Organizations have been struggling with integrating data across their departments and with business partners. Differences in syntax can often be solved by tools, but differences in semantics are intricately difficult. This difficulty is inherent to the fact that we do not have one language that everyone agrees upon. What makes it even more difficult is that people also have their own interpretation of terms; we often think we understand each other, but are really talking about something slightly different. A lot of semantics comes from context, and can thus not be defined up-front. It is naïve to think that it is possible to come up with one language that everyone understands and agrees upon, even within the borders of the organization. Rather, just enough and just in time semantics are needed.
There once was a time when we thought it was possible to define a corporate data model. This data model would define all data elements within the organization, and applications would use this data model as their internal data model. This would be so much easier for everyone; we would not have to define application-specific data models and translations between data models would not be needed. This clearly did not work, as organizations are not something you can fully design and control. There are just too many people, too many contexts and too many changes. Any why would it be needed to have everyone agree upon every term they use? A lot of what we talk about is local to a specific domain or context, and we shouldn’t bother other people with it.
It seemed logical to only try to agree upon the language that we share and that we use when we exchange data. This is why we came up with canonical data models that formed a uniform language that could be used to exchange data between applications. At the same time similar data would be copied to our corporate data warehouse, integrated in a similar manner and structured in third normal form. And wouldn’t it be great when this integrated data model in our warehouse could just be our canonical data model? A lot of organizations still seem to follow this route, with varying degrees of success. It turns out that this is also not an easy route. There are still a lot of data elements to define and a lot of contexts that our semantics need to take into account. The schemas we defined for our canonical data models turned out to be very difficult to evolve. Our time-to-market is still hindered by the time needed to for data integration.

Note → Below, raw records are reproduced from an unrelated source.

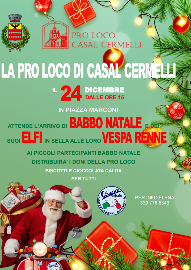 CASAL CERMELLI – Sarà un Babbo Natale un po’ vintage ma sicuramente veloce quello che oggi pomeriggio, 24 dicembre, alle 16, arriverà a Casal Cermelli. La Pro Loco del paese infatti ha organizzato, in piazza Marconi, il divertente appuntamento con Santa Claus, insieme ai suoi elfi in sella alle loro “Vespa renne”.
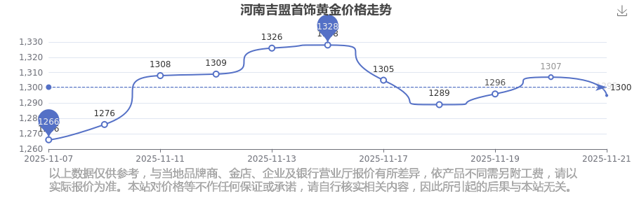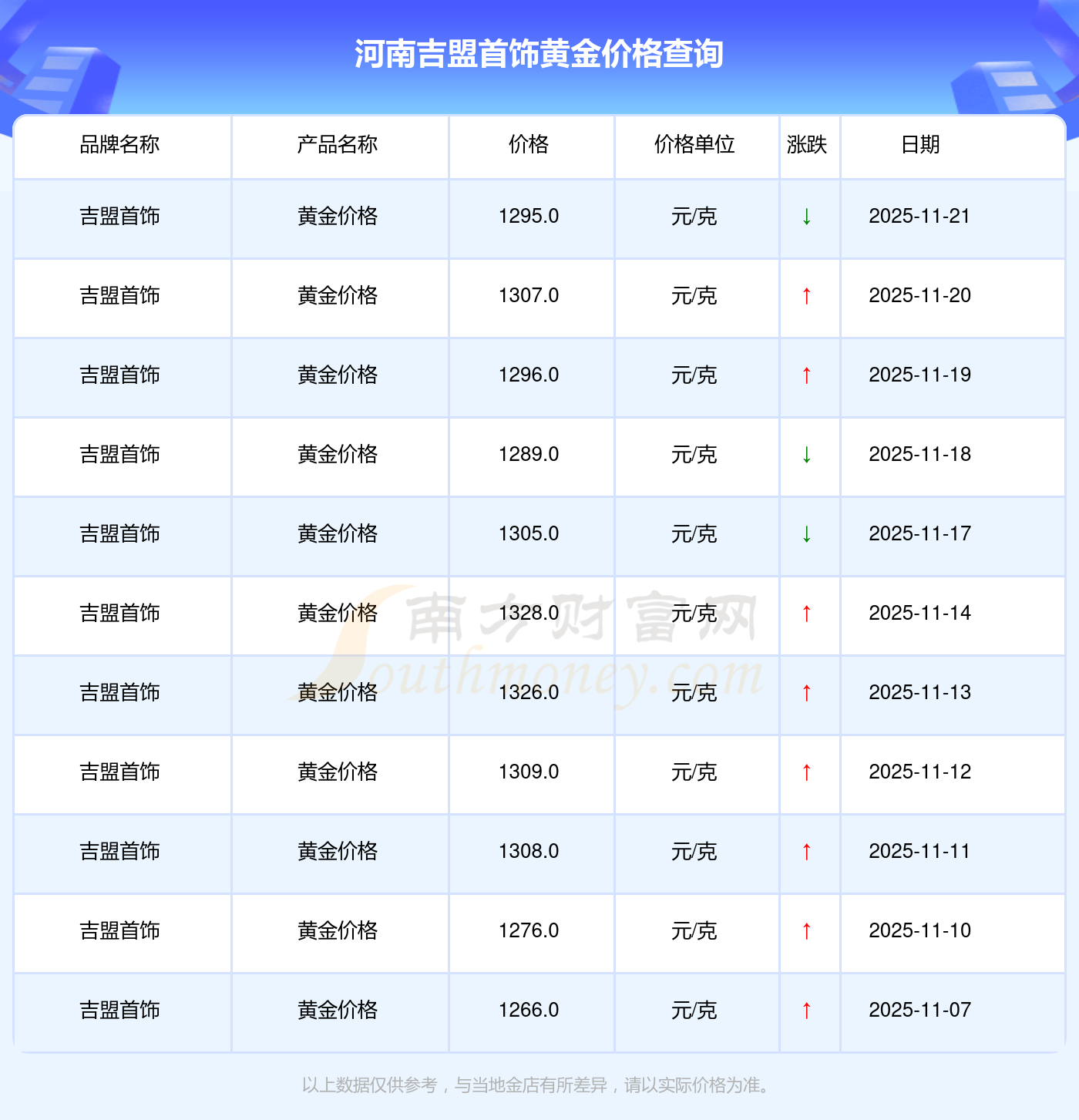 今日(2025年11月21日)河南吉盟首饰黄金价格最新价格为1295.0元/克。
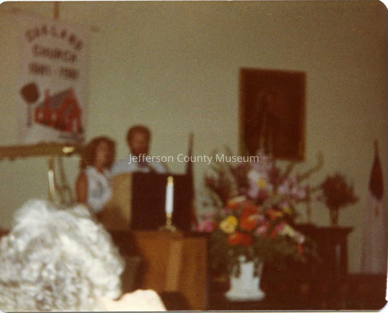 September 13, 1981 booklet from Oakland United Methodist Church Centennial Celebration, along with church service bulletin from the same day, and clipped to it was a label for Bob-White Baking Powder
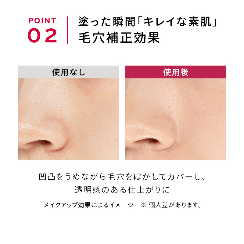 テカリ・カサつきダブルで防ぎ、スキンケアまで叶う、毛穴レスくずれ防止下地。
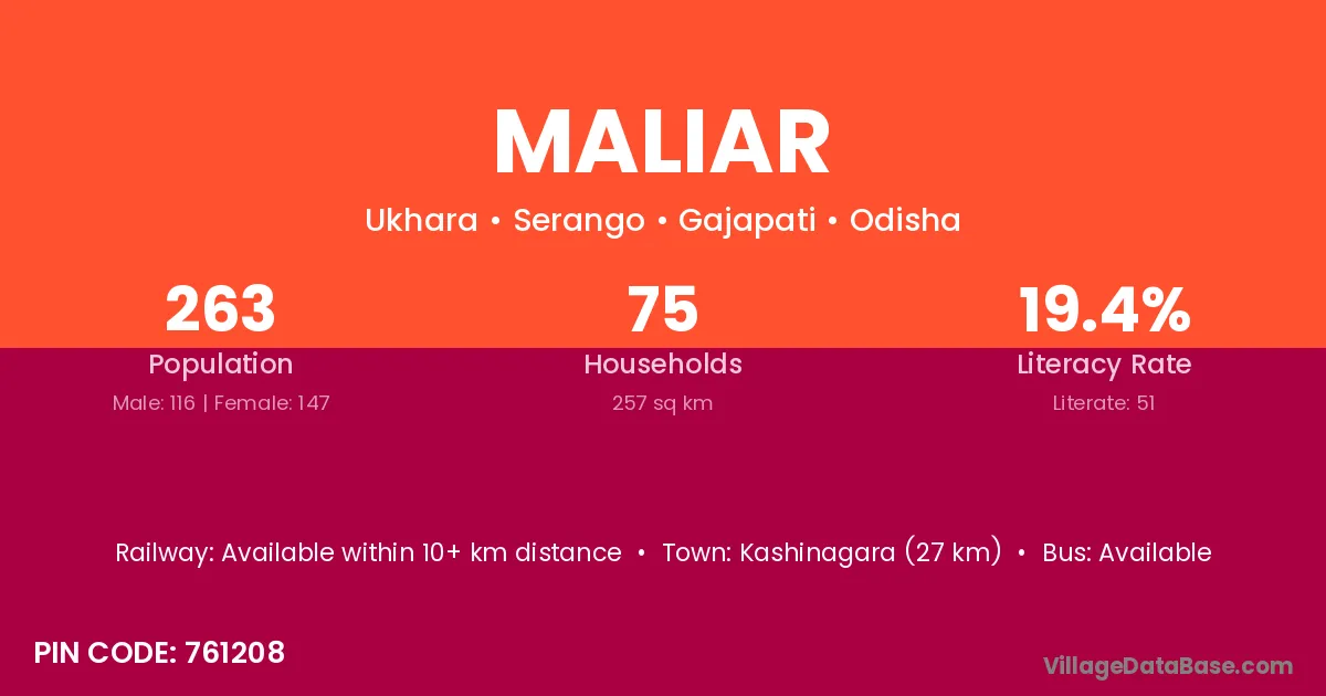 Maliar village is located in the Serango Tehsil of the Gajapati district in Odisha .
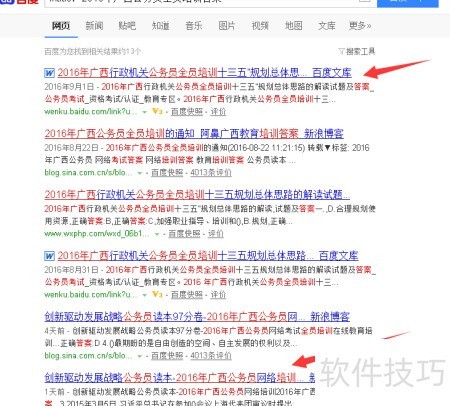 4、 搜索2016年广西公务员网络培训答案,可在百度中输入intitle指令查找相关网页内容。
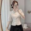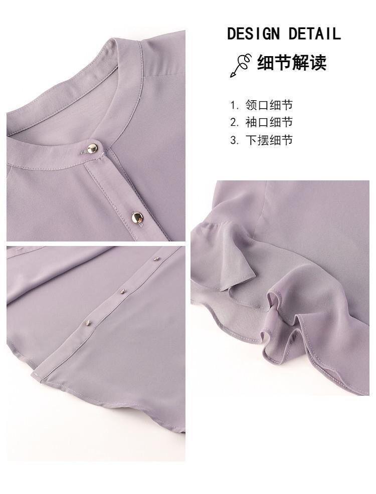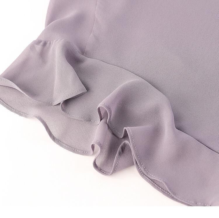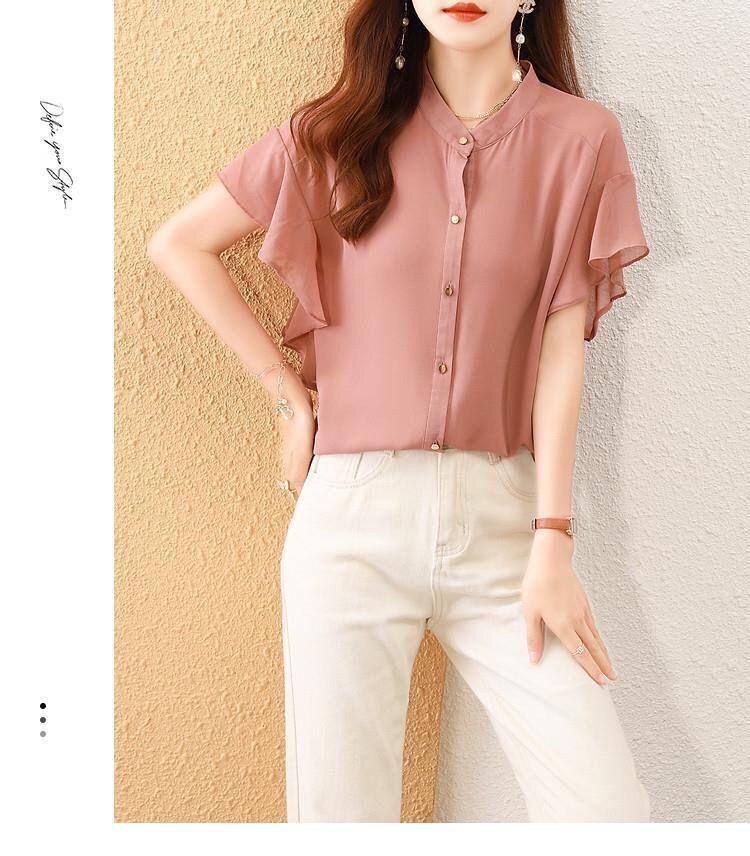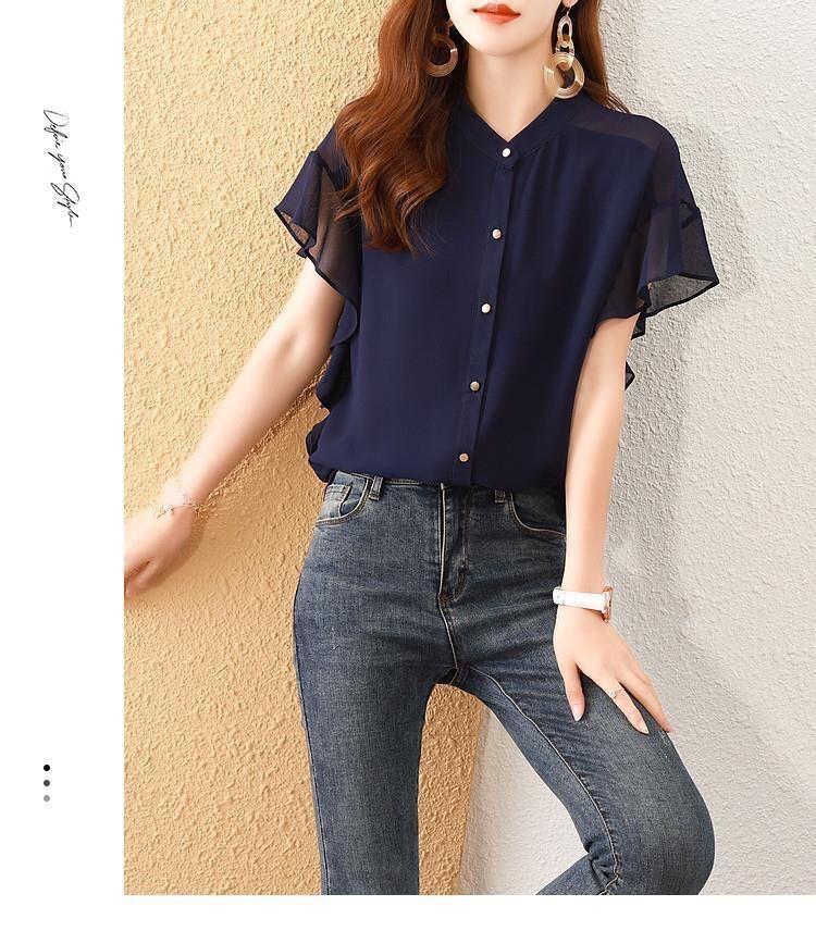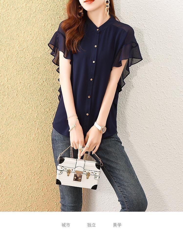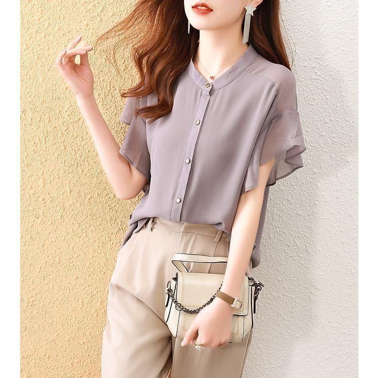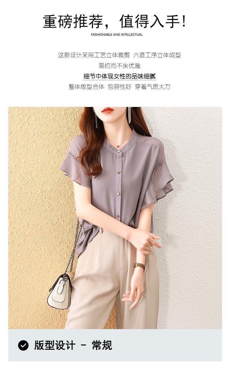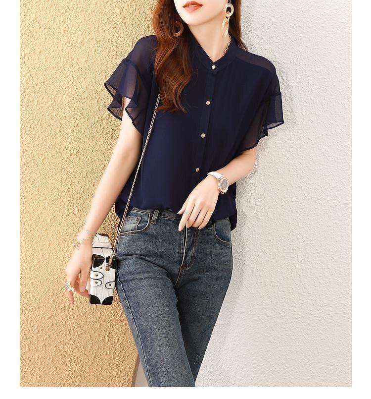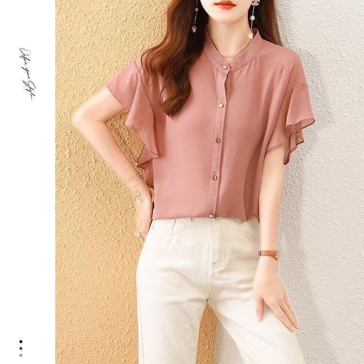 2025 Nuevo Estilo de Verano Versátil Camisa de Gasa con Mangas Volantes Camisa de Color Puro Hermosa Top Holgado Delgado
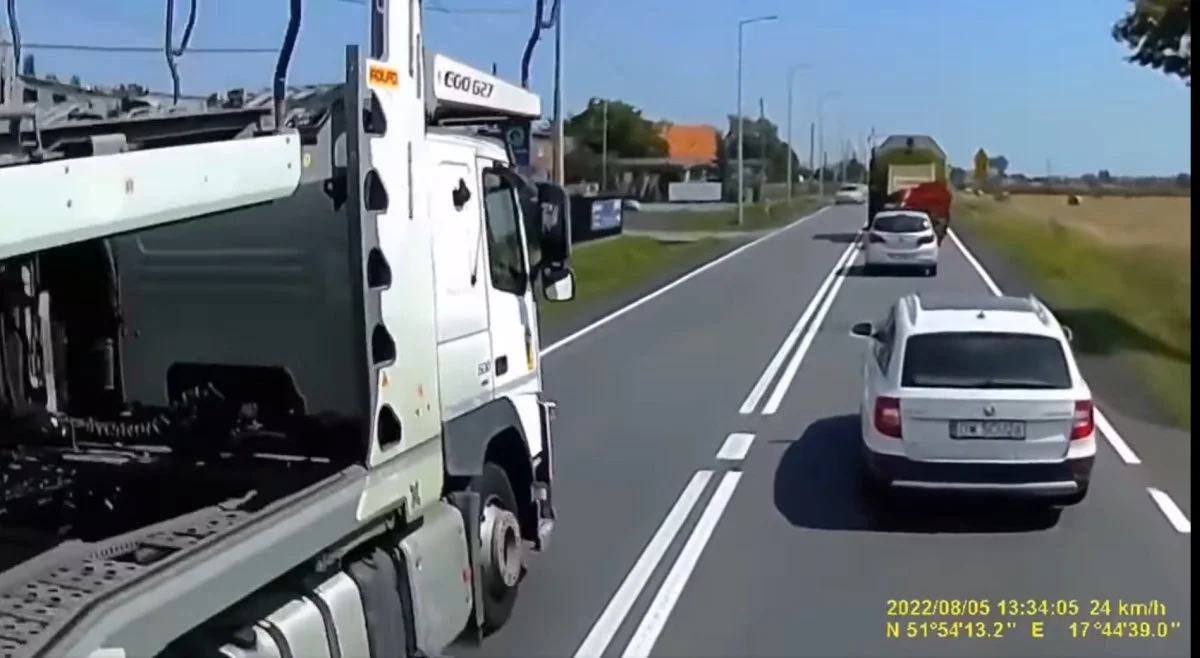A gdyby tego było mało, dwa auta osobowe jadące z naprzeciwka musiały zjechać na pobocze (w bliskiej odległości głębokiego rowu), by kierowca tira się zmieścił. Przyczepa mija auta dosłownie na centymetry...
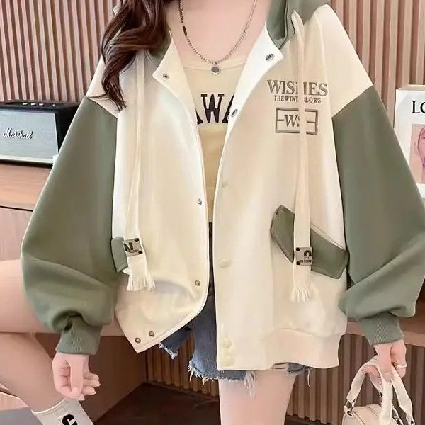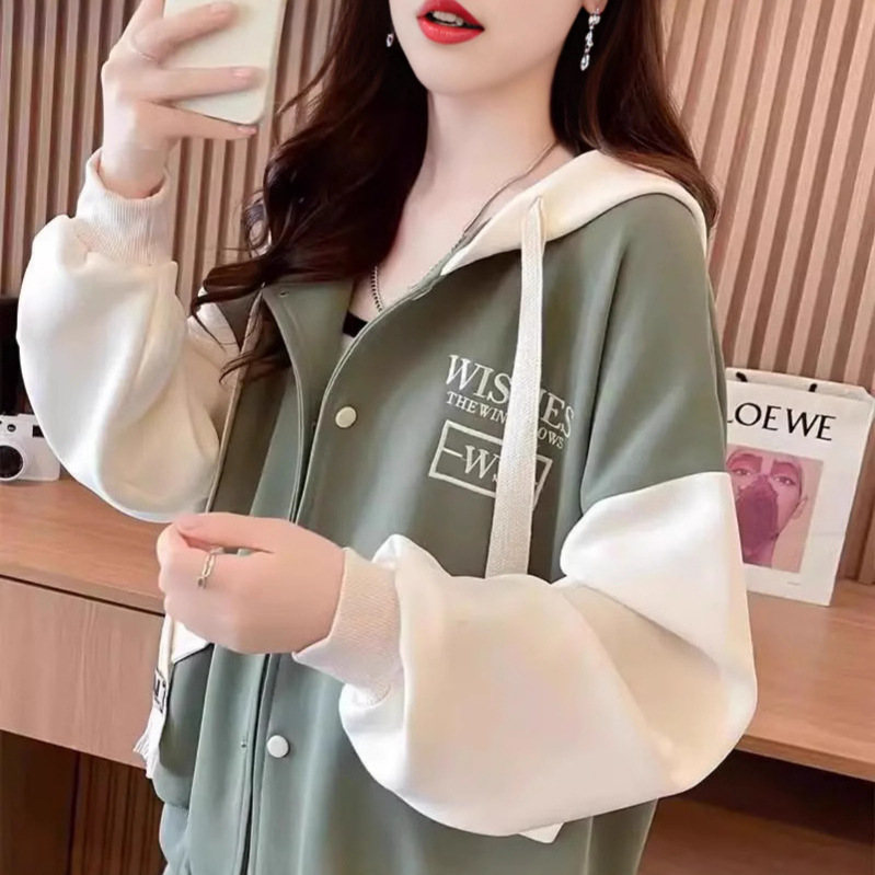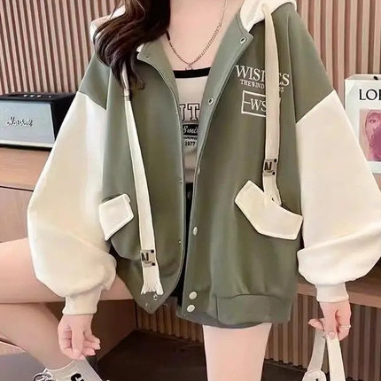 秋冬加绒款开衫棒球服外套女宽松大码女装中长款秋季撞色连帽卫衣
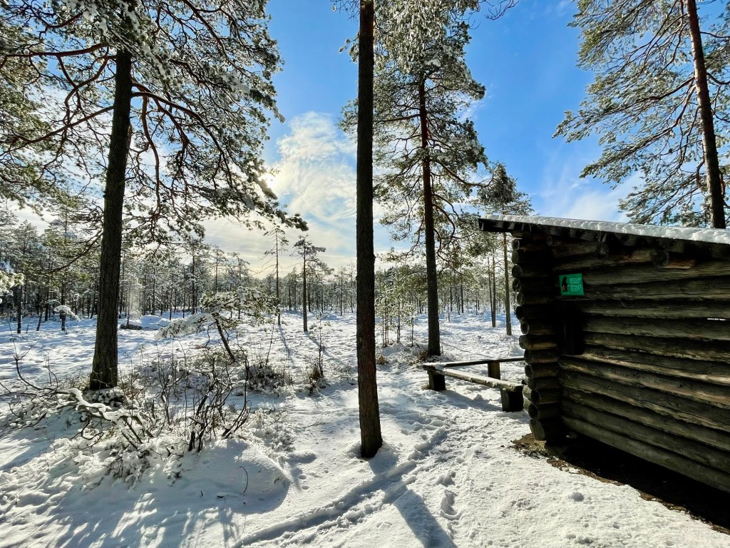 Pitkokset kulkivat kauniiden metsäisten suoalueiden läpi ja suopursun pystyi haistamaan näin talvellakin. Saavuin Siltainsuon laavulle, joka oli todella kivassa paikassa suon reunassa. Tunnelma oli erämainen ja hiljainen. Tälläkin laavulla olisi mukava joskus viettää yö.
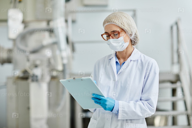 Женщина-наблюдатель по производству пишет в блокноте на фармацевтической фабрике
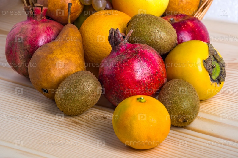 Ассорти фруктов в плетеной корзине
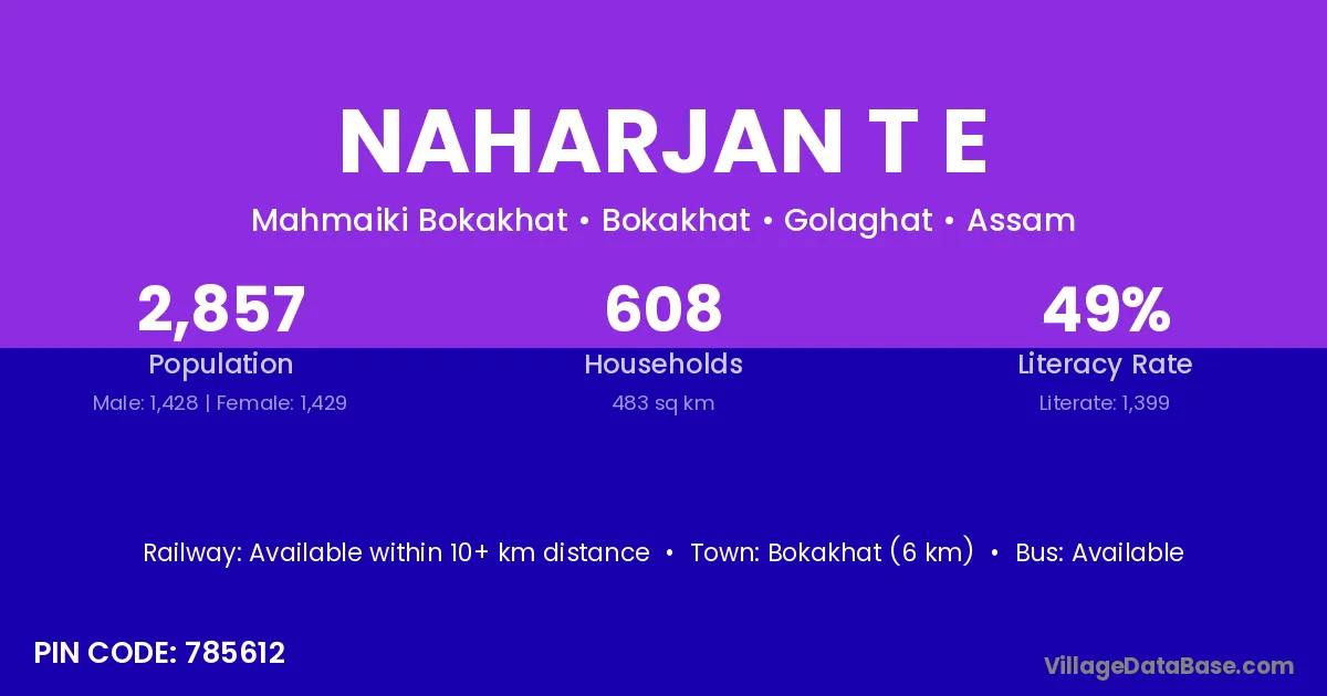 Bokakhat (6 km) is the nearest town to Naharjan T E village for major economic activities and is located approximately 6 km away.
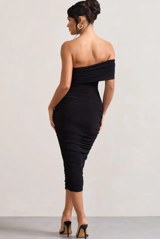 Remember Me | Black One Shoulder Midi Dress
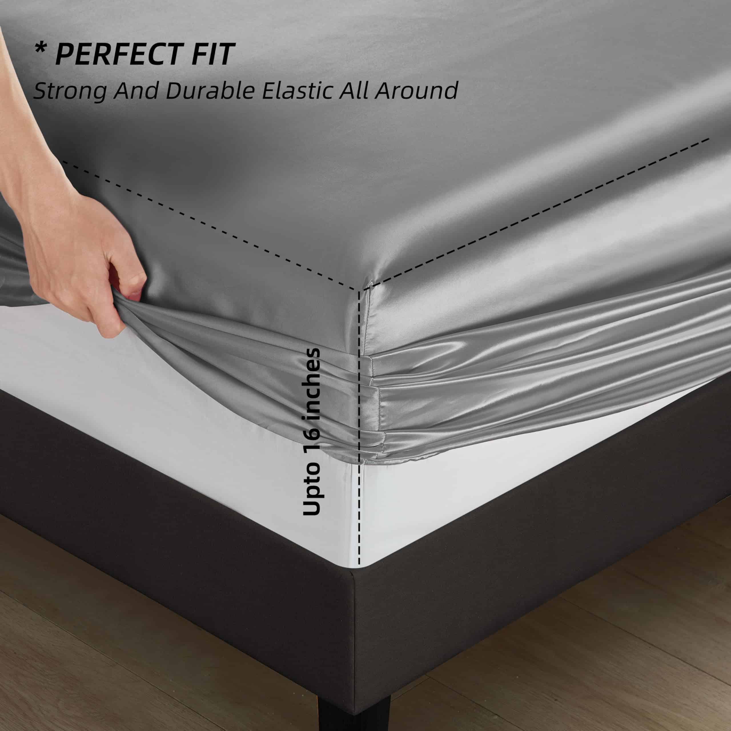 Sábana de Satén Queen: 1 Sábana Plana: 90″ x 102″; 1 Sábana Ajustable: 60″ x 80″ ; 2 Fundas de Almohada: 20″ x 30″;1 Funda de Almohada para Cuerpo 20″ x 54″
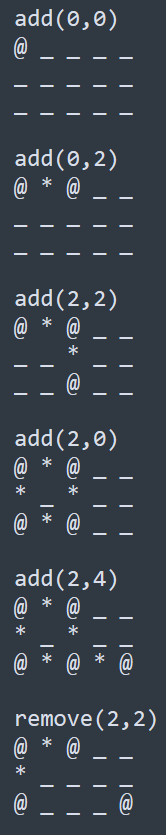 接下來會有 $h$ 行,每一行都有三個非負整數 $r$, $c$, $t$,代表在位置 $(r, c)$ 執行操作 $t$

New concepts are appearing that are positioned as silver bullets. We can implement a data lake that contains all the relevant data inside and outside your organization, without being bothered by semantics. Big Data technology allows us to process all sorts of structured and unstructured data without knowing their exact contents. We can supposedly just apply semantics and structure when we need to make information from it. Clearly, this will lead to all sorts of problems when you really try to do so. Thinking about semantics only after the fact is naïve. You cannot automatically add semantics to data that is unclear. We need to think about the types of data and their semantics up to a certain level beforehand. This allows us to detect the subjects that they are addressing and link the data so we can find related data elements when we need it.
Semantic technology such as ontologies and Linked Data seem to fit the need for just enough, just in time semantics. Data elements that come in can be “tagged” semantically, in terms of ontologies. Such tagging can be used for structured as well as unstructured data, also providing a means to link them. Ontologies do not necessarily describe all data elements that are exchanged, just those that we feel are important to our business. And when we reuse existing ontologies, we do not have to spend a lot of time defining our own semantics. Even better, we can benefit from the fact that other organizations are also using these ontologies, which implicitly links our data elements to data elements of others. This is the core of the semantic web. It also does not require us to put all these data elements into a fully structured, third normal form database that is hard to evolve. Instead, we can have a less strict form of structure that is easier to evolve, for example in the form of a triple store. This leads to a semantic data lake that is more valuable than “just a data lake” and less rigid than a corporate data warehouse. Note that the latter is probably still relevant for your stable (back-office) processes, and can co-exist with your semantic data lake.